**Data to use**.
########################################

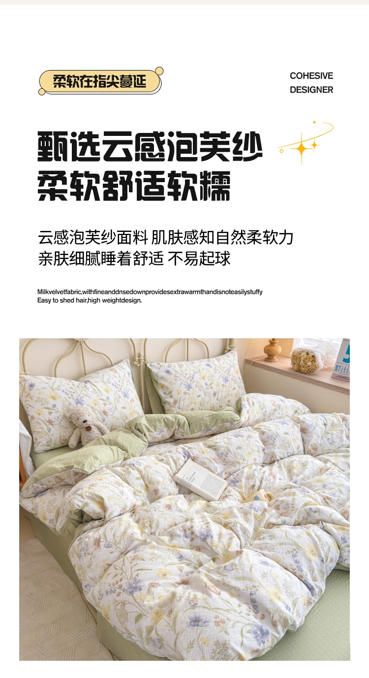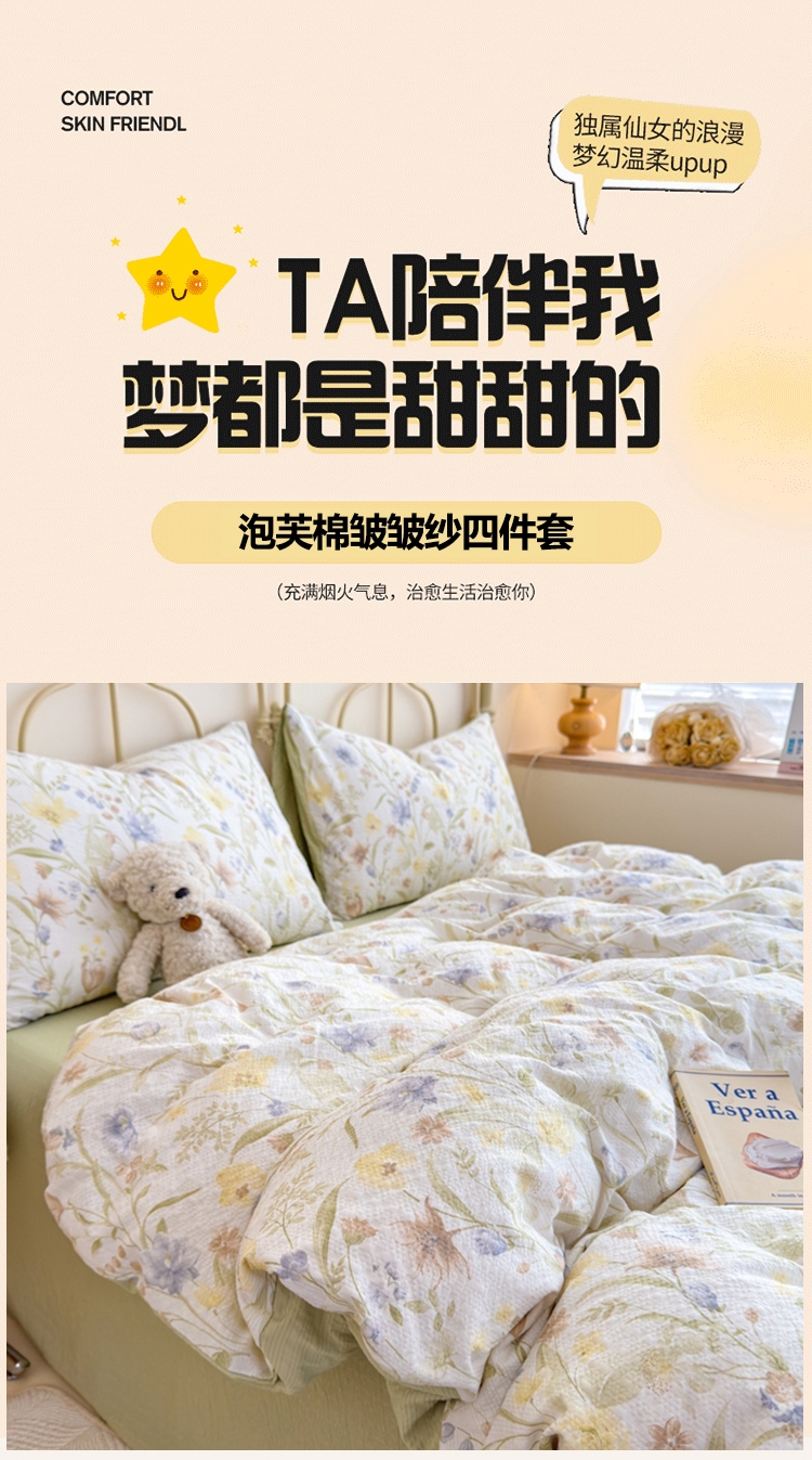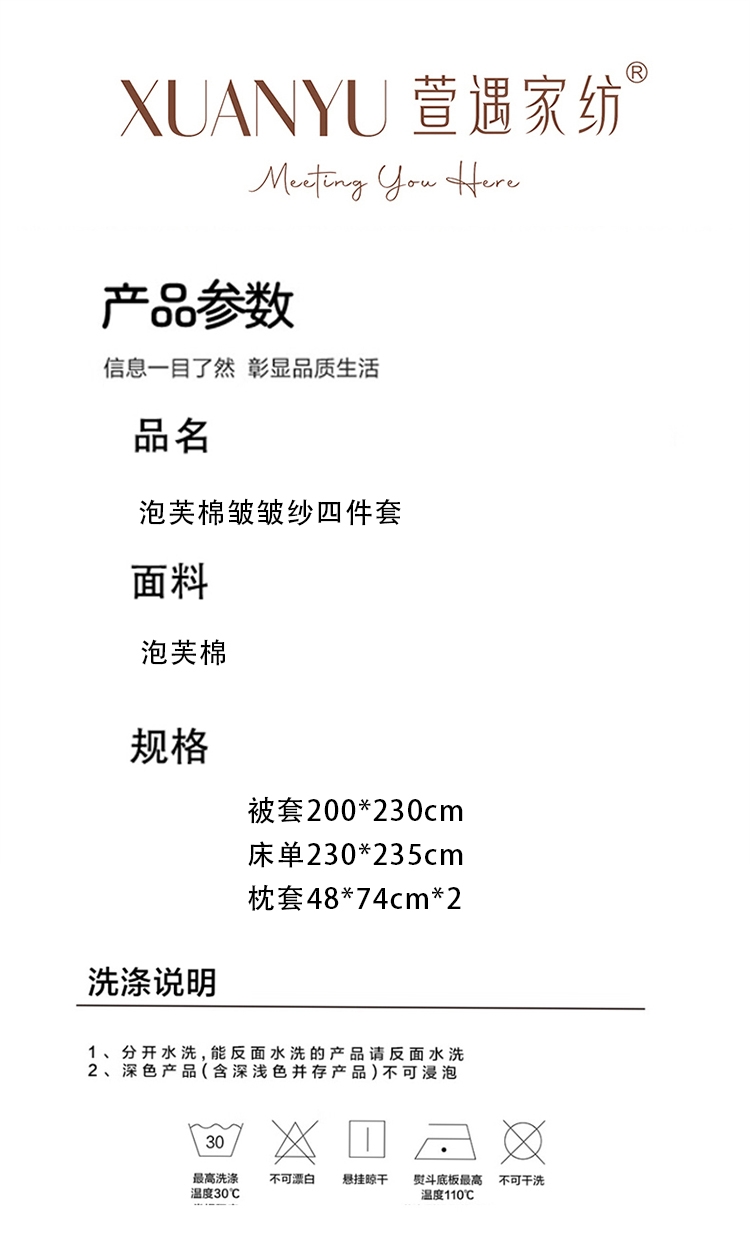 萱遇家纺 泡芙棉皱皱纱四件套X-T8012
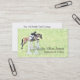 A business card template for riding instructors, trainers or dealers with a colour illustration of a showjumping horse and rider, made from a photo taken at a local show.
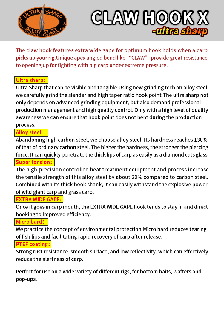 Carp Fishing CLAW HOOK X Alloy Steel PTFE Coating Micro Bard Extra Wide Gape Hook
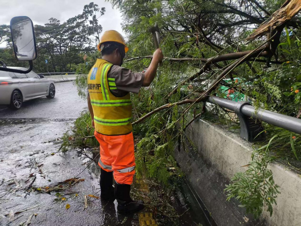 台风影响期间,深圳路桥集团高效清理倒伏树木53处,排查并处置道路积水点16处,及时修复受损交安设施20处,为道路安全畅通筑牢“防护网”。
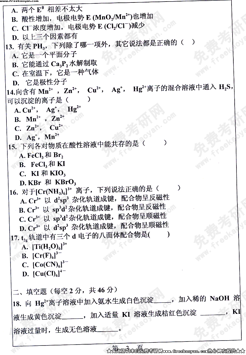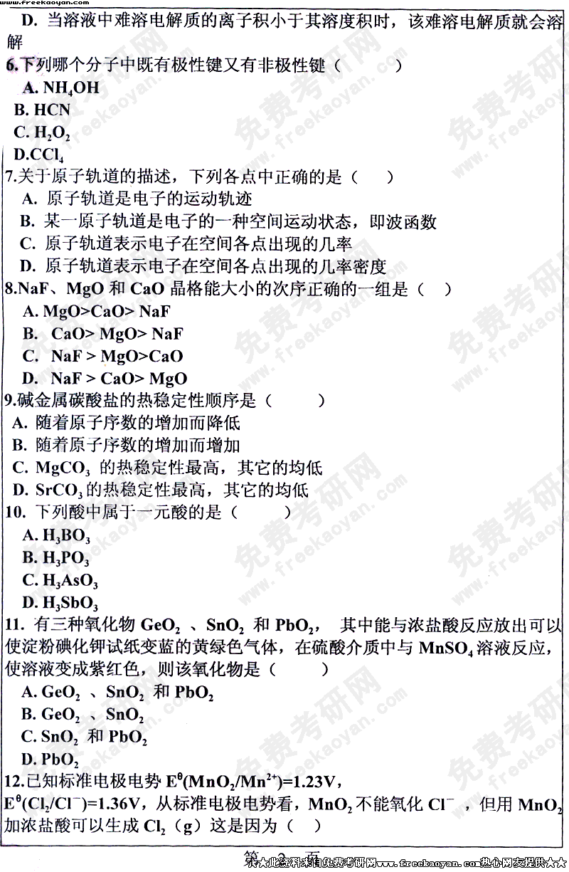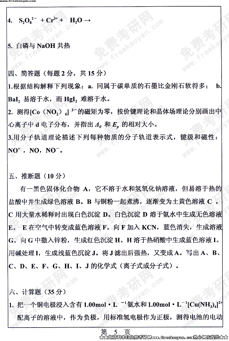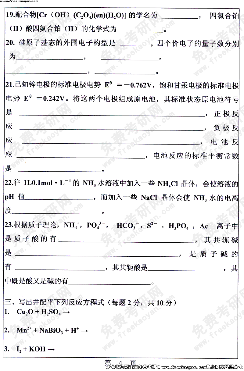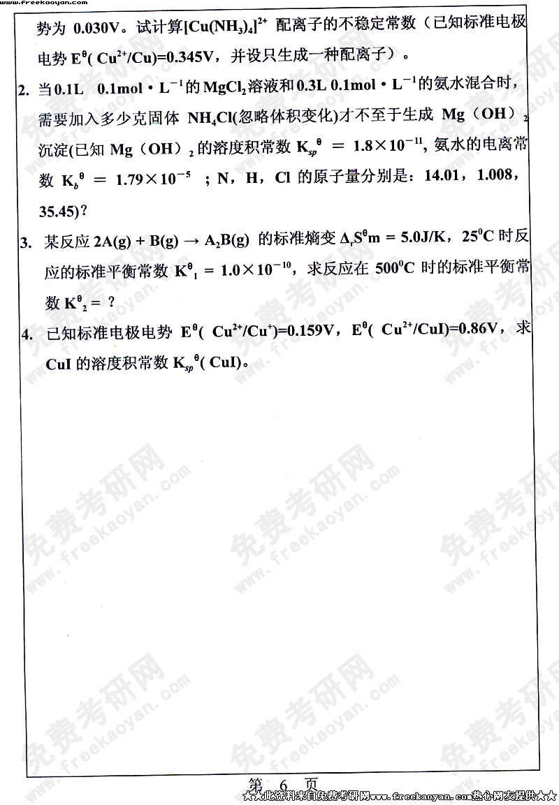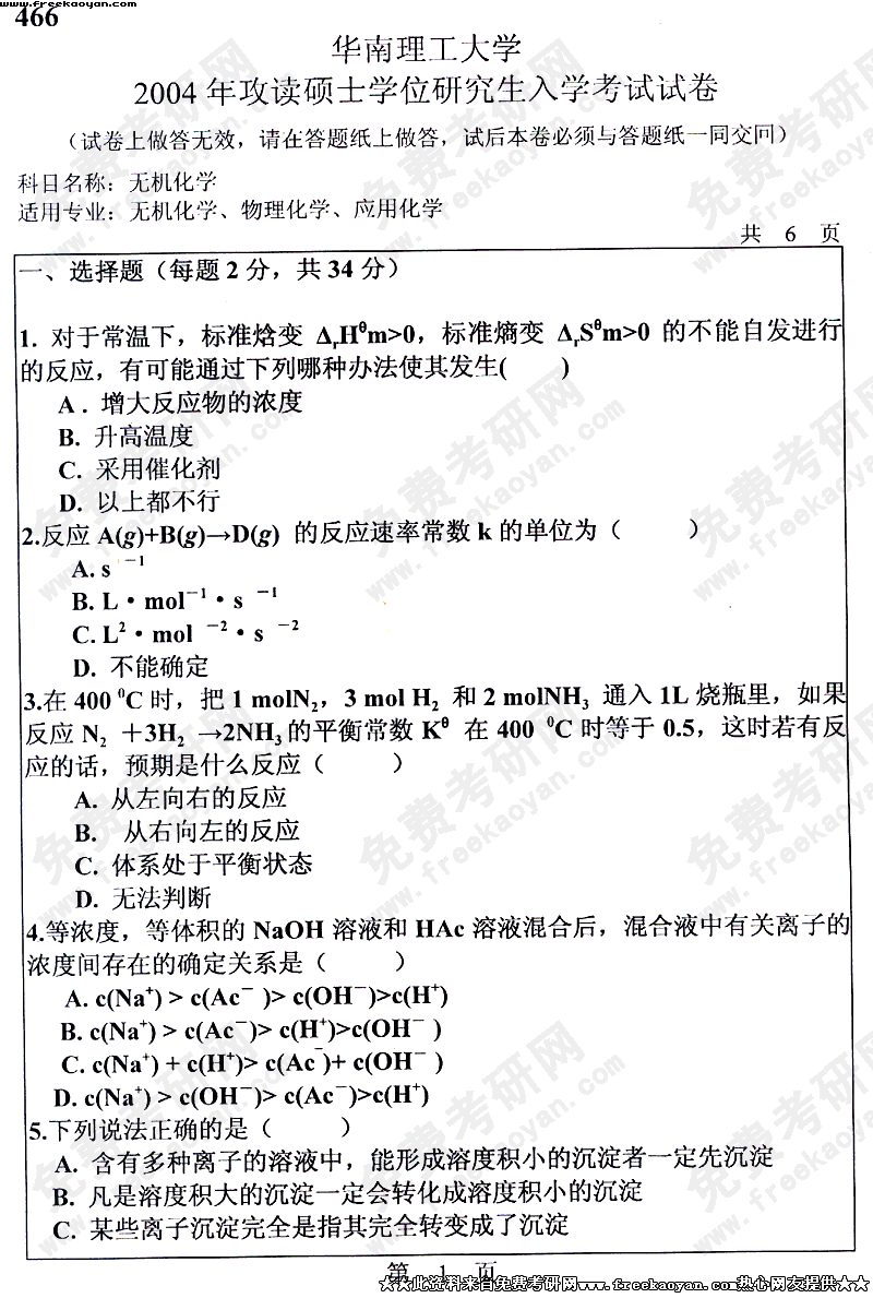 华南理工大学2004年半岛在线注册真题-物理化学(化)

########################################

**Exercise objective**. An answer containing only the lines from the one holding "Carp Fishing CLAW" through the close of the entries above, reproduced exactly and stripped of pictures, is expected.

**Result**.
 Carp Fishing CLAW HOOK X Alloy Steel PTFE Coating Micro Bard Extra Wide Gape Hook
 台风影响期间,深圳路桥集团高效清理倒伏树木53处,排查并处置道路积水点16处,及时修复受损交安设施20处,为道路安全畅通筑牢“防护网”。
 华南理工大学2004年半岛在线注册真题-物理化学(化)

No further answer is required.